Once in store, sensor-based solutions monitor the movement and dwell time of shoppers within defined areas. Signage can redirect shoppers accordingly, encouraging them to visit other sections of the store first, maybe a visit to the coffee shop. Again, advertising and branding opportunities turn these screens into multi-use devices.
Benefits of digitisation
Beyond the control of customer flow, the data derived from sensor-based signage offers retailers a compelling opportunity to hone marketing campaigns with targeted advertising according to audience demographics. A clear demonstration of the ROI to be gained from a well-managed digital signage network.
There is light at the end of the tunnel as regards the current health crisis, so whilst compliance with COVID-19 safety measures will remain for the foreseeable future, we can now anticipate life returning to a tantalising normal. At this point, digital signage hardware can be reassigned elsewhere, continuing to provide essential in-store communication and engagement with your customers.

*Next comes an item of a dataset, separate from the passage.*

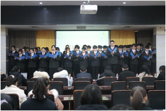 为隆重纪念“一二·九”爱国运动,弘扬民族精神,引导同学们继承胸怀祖国,奋发进取的优秀品质,2020年12月16日,数字经济学院在学校行政楼五楼会议室举行了“一二·九”爱国诗歌朗诵比赛。数字经济学院团总支书记魏杰、陈启刚老师、乔鸿老师、干艳燕老师以及数字经济学院主席团成员担任大赛评委。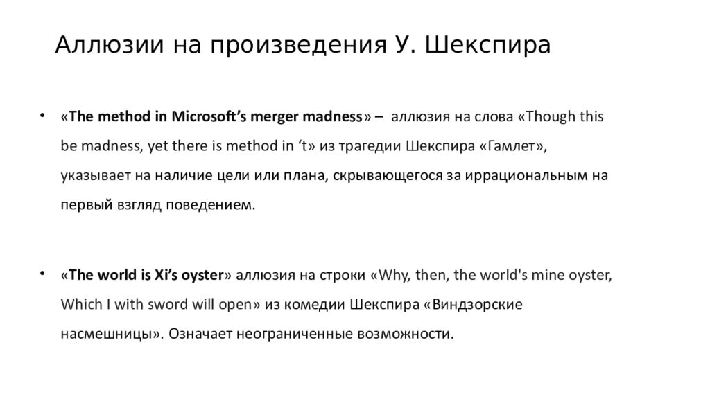 « The method in Microsoft’s merger madness » – аллюзия на слова « Though this be madness, yet there is method in ‘t» из трагедии Шекспира « Гамлет », указывает на наличие цели или плана, скрывающегося за иррациональным на первый взгляд поведением. « The world is Xi ’ s oyster » аллюзия на строки «Why, then, the world's mine oyster, Which I with sword will open» из комедии Шекспира «Виндзорские насмешницы». Означает неограниченные возможности. Аллюзии на произведения У. Шекспира

The benefits of digital communications are not just customer facing. Digital signage networks extending to staff canteens, employee lounges and training areas, storage and distribution depots and manufacturing facilities ensure your brand identity permeates throughout your total operation to motivate, incentivise, inform and train your entire workforce and supplier teams.
The move to digitisation has long been an important strategy for retailers, now more than ever, an effective online operation is imperative. The click and collect model has been a lifeline for many retailers during the current crisis, demonstrating that the key to success lies in the harmonious combination of a compelling brick and mortar presence, complemented by an efficient, fast response ecommerce capability.

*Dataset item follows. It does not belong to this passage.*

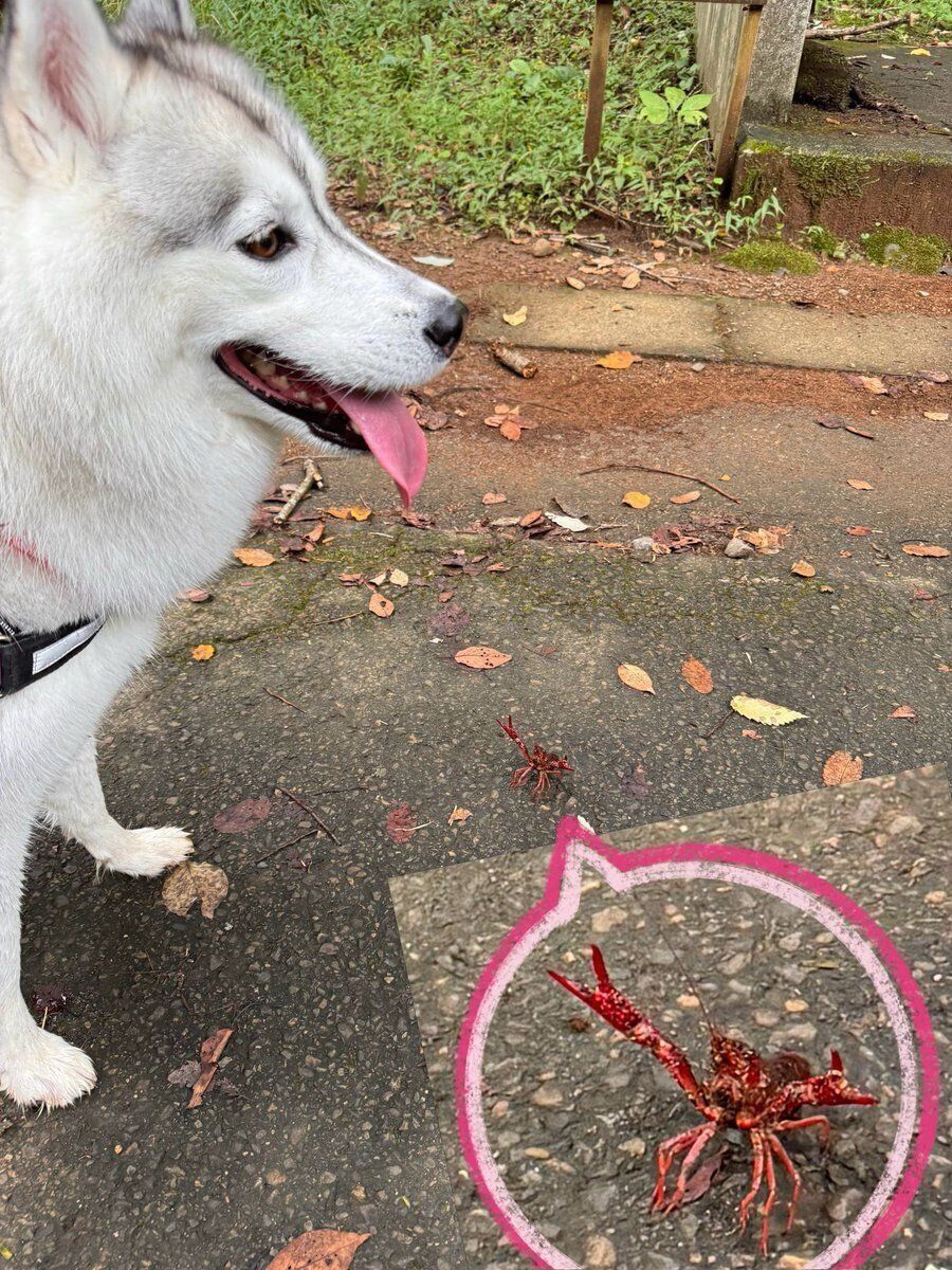 お散歩中に突如さくらちゃんの前に現れたのはザリガニ。

Shifting spending patterns
As people are shifting spending away from holidays abroad, expenditure on household goods, DIY and garden items has fuelled recovery in retail sales. Consumers who might have seen their spending on coffee and meals reduce, find themselves with the money available to spend elsewhere. Hardware stores have seen strong sales in their online channels and recorded an increased flow of customers through their stores.
Some shoppers might find themselves in unfamiliar territory as they seek to make improvements to their homes. Targeted advertising, information and DIY top tips displayed via signage screens will offer welcome reassurance. Screens located alongside key product lines are highly effective in this scenario, enabling shoppers to access expert advice, via touch or gesture control. Videowalls and large format displays provide opportunities to inspire shoppers, stimulating their creativity and directing them to the appropriate tools for the job.
Finding your solution
All these solutions are readily available from Sharp NEC Display Solutions and our partners. We have the combined technology to maximise usage of your digital signage investment, generating sales uplift whilst effectively enhancing the customer experience, even during these difficult times.
NEC large format displays and projectors are perfectly designed to integrate seamlessly into the shop interior without impacting valuable retail space. Along shelf fronts, on columns, in shop windows and at the store entrance; ceiling hanging, wall mounted or floor standing – we can help you get creative with your signage.
Sensor software such as NEC’s leafengine facilitates integration of various sensors, triggering content delivered via NEC’s numerous computing options. Onboard PCs or media players based on Raspberry Pi, Windows or Android enable upgradable and scalable content management solutions.